Similar range rank divergences suggest gold miners rally
While the sample size is small, whenever the 3-year range rank for gold miners resides below 40% while the rank for gold futures exceeds 90%, the Gold BUGS Index (HUI) was higher over the subsequent six and twelve months every time.

While gold tends to rally over the next few weeks, the medium-term outlook is not encouraging. From a long-term perspective, the path is pretty straightforward. Either gold is about to top like 1974 and 1987, or it's in a sustainable uptrend like the other precedents. A decisive breakout above the previous resistance around 2051 would suggest the latter.

Why do gold miners rally when gold struggles?
One plausible reason gold miners rally as gold struggles is an overall favorable backdrop for the stock market. The S&P 500 was higher every time from two to twelve months later.
Focusing on the signal dates illustrated on the chart highlights that these divergences coincide with bullish inflection points for the broad market. i.e., gold miners suffered under the weight of an overall market drawdown as gold held up in a flight to safety trade. When it reverses, miners rally, and gold struggles.

My colleague, Jay Kaeppel, recently published a three-part series on a cycle calendar for gold mining stocks.
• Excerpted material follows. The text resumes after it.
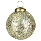 Shimmering flakes of gold glass encrust glass spheres to add an extra dose of shimmer to your tree.

Please click here, here, and here to review.
What the research tells us...
Commodity-based assets, like gold mining stocks, often face challenges in sustaining long-term upward trends due to the mean-reverting nature of commodities. This characteristic makes adopting a buy-and-hold strategy challenging. Nonetheless, during cyclical upswings, returns can be spectacular over a short period. The current historical discount of gold mining stocks compared to gold, based on a three-year range rank, suggests that we might be witnessing one of those opportune moments in history to participate in an upswing. After similar divergences, the Gold BUGS Index (HUI) was higher over the subsequent six and twelve-month time frames every time.